I watched a very dramatic demonstration the other day. It was part of a promotion by a supplier of polymer interlayers. The subject of the demonstration was glass balustrading. Now, you may think – “Oh, glass balustrading, I’ve seen some of those panels at the front of so and so’s balcony on the second floor” or, “Oh yes, there were a few panels around so and so’s swimming pool”, and draw the conclusion that it is a small, or limited, market. However, the next time you are at some International Air terminal, for example, take a look around you – there are acres of glass panels serving as balustrading along multiple mezzanine floors and stairwells. As I have mentioned before, it is a modern architectural aesthetic that provides you with more views around the often splendid interior of the terminal, and provides Airport Security with better views of you and whatever you are up to.

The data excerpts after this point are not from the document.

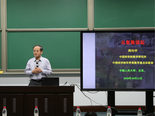 2018年10月11日下午,williamhill英国威廉希尔明德数学讲堂系列第二讲在国学馆114室成功举办。中科院数学与系统科学研究院周向宇院士应邀作题为“从复数谈起”的报告。来自williamhill英国威廉希尔、校内其它公司和校外的100多名师生参加此次活动。
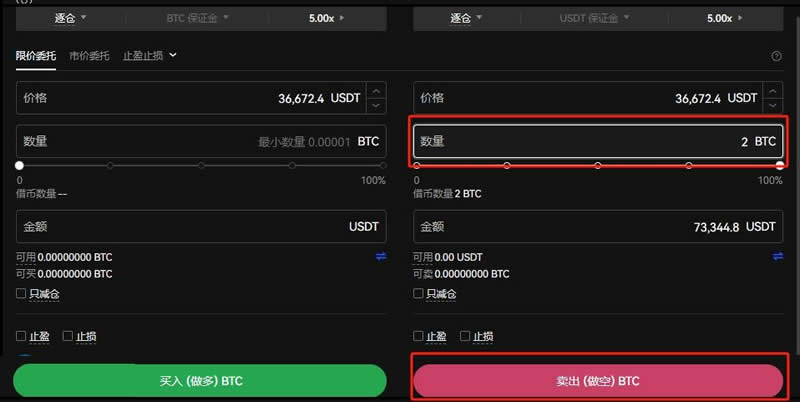9、输选择[全仓/逐仓]、[USDT保证金]、[杠杆倍数]、[限价委托] 一 输入[价格]、[数量] 或者[金额],点击[卖出(做空)BTC]一[确认]。
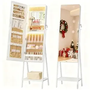 [3-in-1 Jewelry Cabinet] Enjoying the triple benefits of a jewelry organizer, full-length mirror, and vanity mirror will give you a lot of fun dressing up. HD full-length mirror jewelry cabinet offers you a head-to-toe view of your outfit in real image and you can store all jewelry in order with this jewelry organizer stand
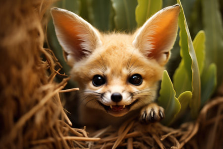 Fennec fox (Vulpes zerda) is a small crepuscular fox native to the deserts of North Africa AI generative
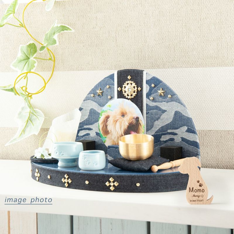 デニム生地を使ったシックな中にカジュアル感のあるペット用祭壇です。夜のお空をイメージしたステージに、スタッズの星を配しました。置く場所を選ばず、いつも近くに置いておけるコンパクトなサイズ感です。職人の手によりひとつひとつ作られたやさしい風合い。大切な家族だったペットを想い、供養していただけます。お空の星になってもいつもそばにいてくれるよう感じられるステージになっています。
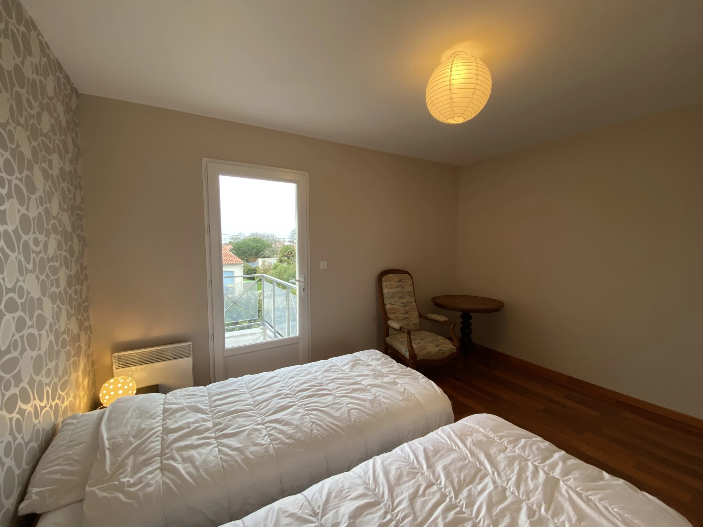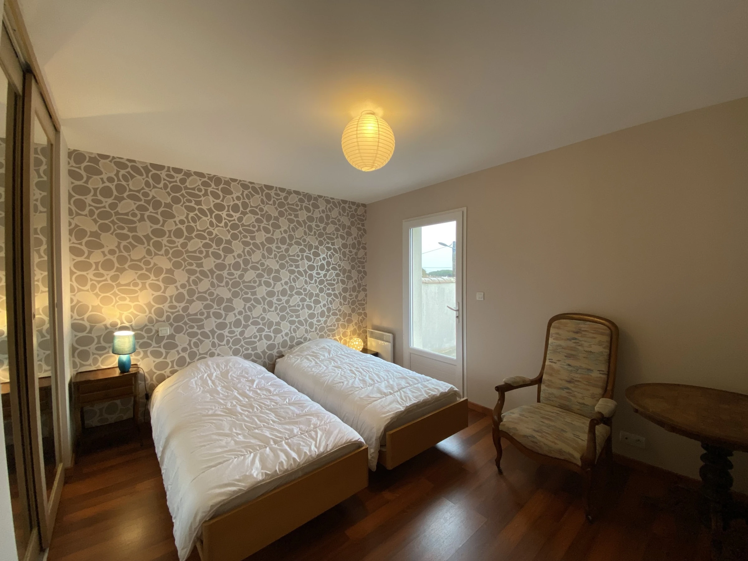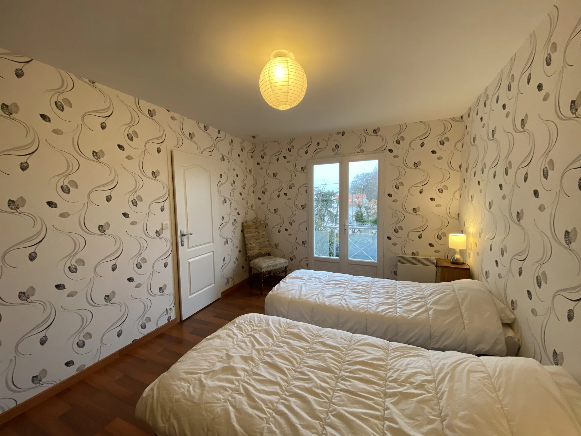 Very pleasant villa, spacious, in excellent condition, all comfort, for 6 people, located 10 minutes from the sea, comprising on the ground floor: large living room, fully fitted open kitchen, 1 bedroom with private bathroom and dressing room, storeroom and very large garage. Upstairs: 2 large bedrooms, shower room, WC. Terrace, large fully enclosed garden. Kitchen equipment: dishwasher, fridge + freezer, oven, microwave, coffee maker, washing machine... Bed: 1 x 160 + 4 x 90. Leisure equipment: TV, wifi, garden furniture, barbecue, deckchair, awning... Vehicle access. Surface area: 140 m². NEARBY: 800 m from the city center, beach 800 m. Bus station 1.5 km and SNCF train station 6.3 km, Rochefort thermal spa 15 min. Located 450 m from the south beach and the city center, 600 m from the Grande Plage and the North Beach. TO BE PAID upon arrival: security deposit of €600 for the rental, €150 for cleaning, and tourist tax. OPTIONAL SERVICES to be arranged before arrival: sheets €12 per bed per week, set of 2 bath or beach towels €12 per week, set of 2 bath mats €7 per week, kitchen linen (2 tea towels and 2 hand towels) €7 per week. Cleaning: €150. The rental is granted for a stay that begins on the day of arrival from 2:30 [hidden] and ends on the day of departure at 10 [hidden] at the latest.
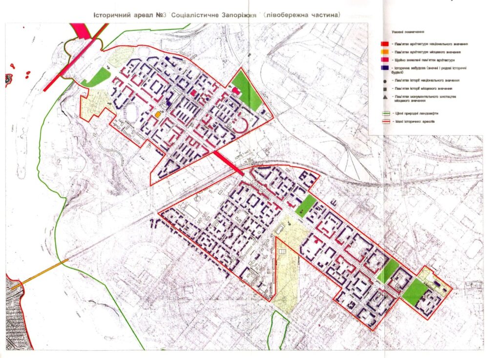 Ще у 2012 році у Запоріжжі затвердили історичні ареали «Старий Олександрівськ» та «Соціалістичне Запоріжжя». У першому випадку – це територія забудови великої історичної та архітектурної цінності орієнтовно між Центральним та Малим ринками, у другому – від вулиці Якова Новицького до площі Запорізької.
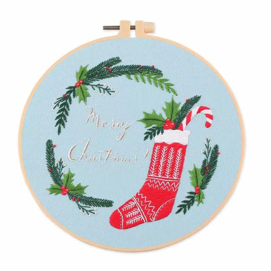 Christmas Wreath Hand Embroidery Kit for Beginners
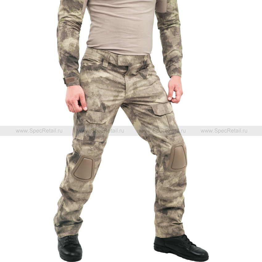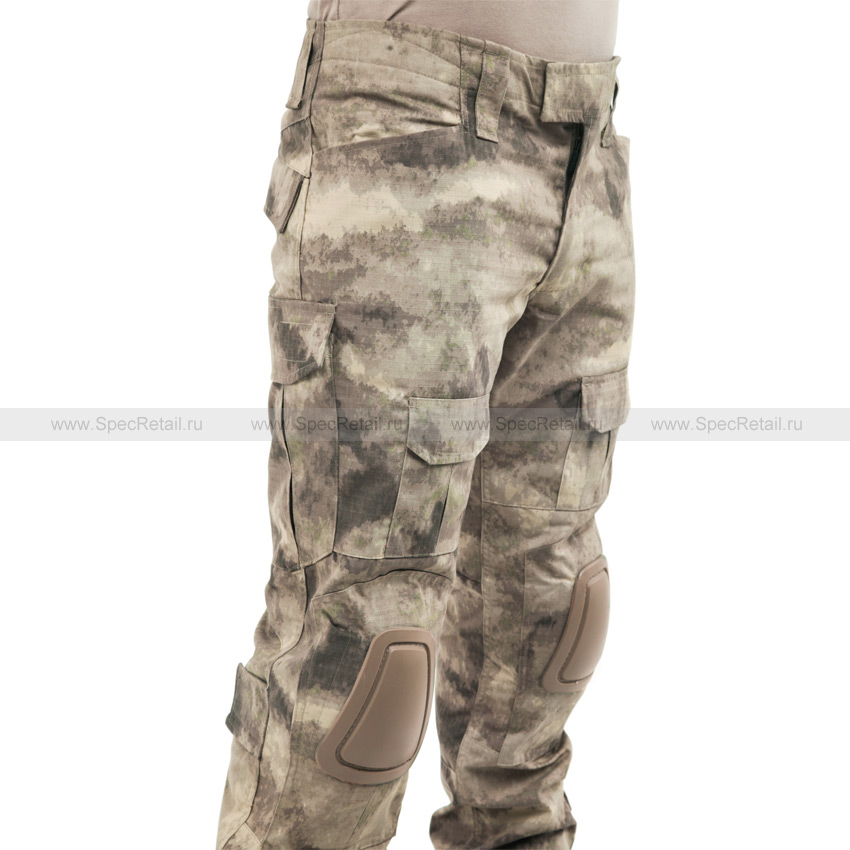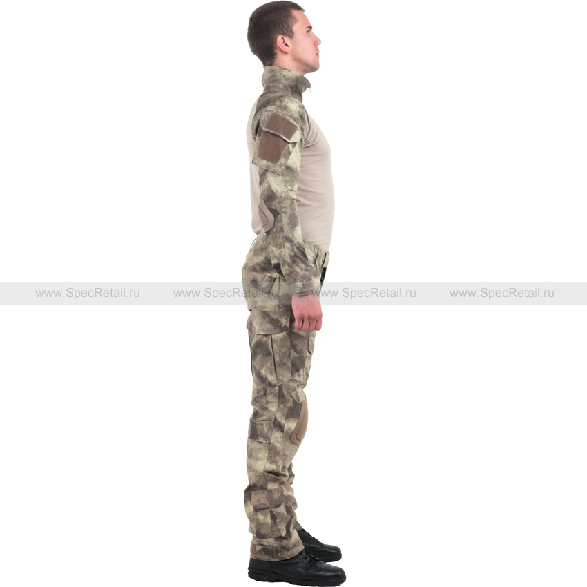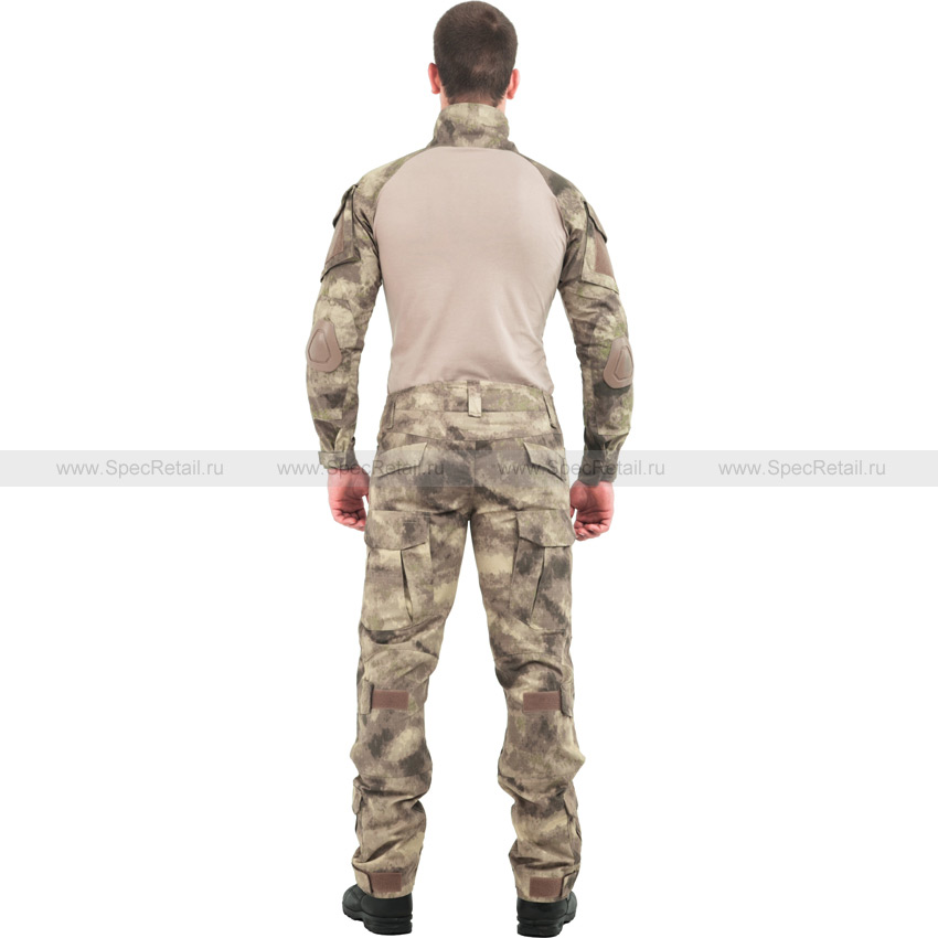 У кофты есть воротник-стойка на молнии. На рукавах нашиты карманы (по одному на каждом); карманы закрываются на клапан с липучкой, на них нашиты велкро-платформы для крепления патчей. На штанах также расположены карманы (всего десять), а именно: два стандартных боковых кармана (в них расположены потайные ремни для регулировки длины штанин), далее идут еще два кармана спереди, четыре сзади и пара на голени. Все карманы разного размера, восемь из которых закрываются на велкро-липучку. В коленях и на голени штаны можно затянуть.

The demonstration was in order to show off a certain rigid polymer interlayer and its benefits. Firstly I was asked to rest my arm on the top edge of a thick (10mm) toughened glass panel propped standing upright on the floor, and to lean with a little weight. The demonstrator used a little pointed tool to punch the glass and it exploded into a million pieces under me, simply disappearing and leaving me to quickly regain my balance. If I had actually been leaning, balanced against the glass and it was a 1st floor (or higher) balustrade panel, I would have gone over the edge: no question. The next demo was with a similarly heavy piece of toughened glass, but with a heavy, but standard, PVB interlayer to hold all those fragments together. Leaning on it again, when it was struck with the point it fragmented but held together, and sagged badly under my weight. Once again, if I’d been supporting my weight against it I would have gone over the edge. In the next demo the toughened glass was laminated using the special rigid Polymer. When broken the whole panel stayed where it was, holding my weight. Point made.

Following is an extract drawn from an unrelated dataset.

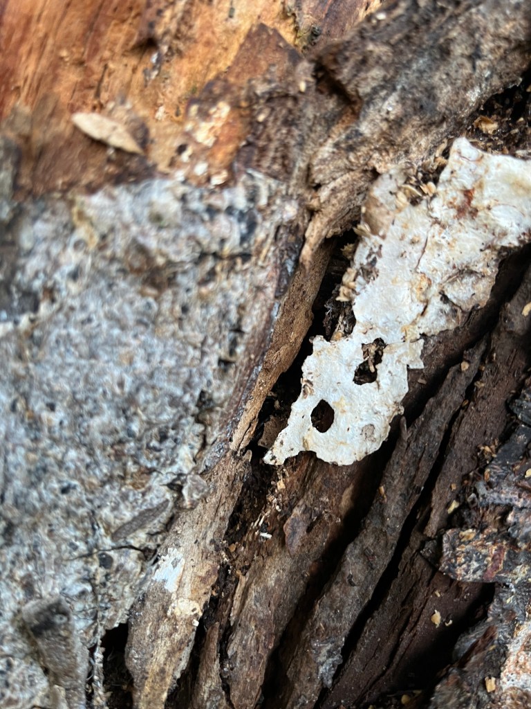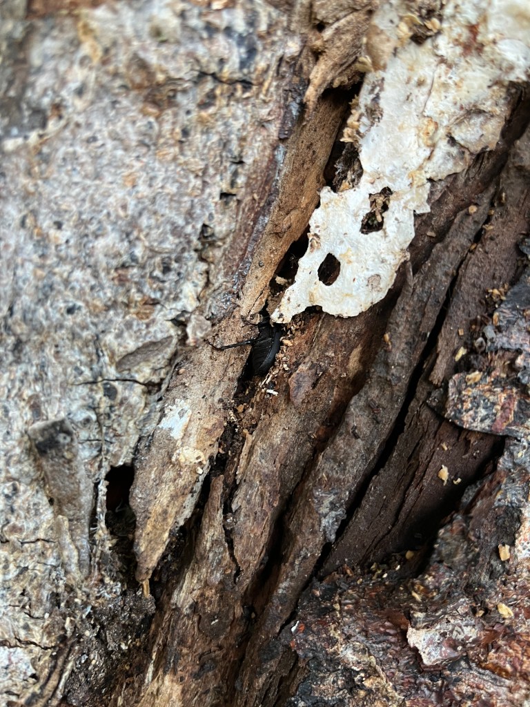 Fascinerad upptäckte jag att trädet myllrade av insekter. Jag fick syn på gråsuggor, men också svarta stora skalbaggar och en tusenfoting.

Glass balustrading panels will usually have their edges exposed top and sides, on show for all to see and touch. It is imperative that not only should the glass edges be polished smooth, but that the laminated interlayer is finished neatly, giving an overall tidy appearance to the edge. At Custom Glass Products we take pride in our edge finish, as discerning clients will always look for this property in glass balustrading. Strong, neat and smooth. Just how I like my whisky.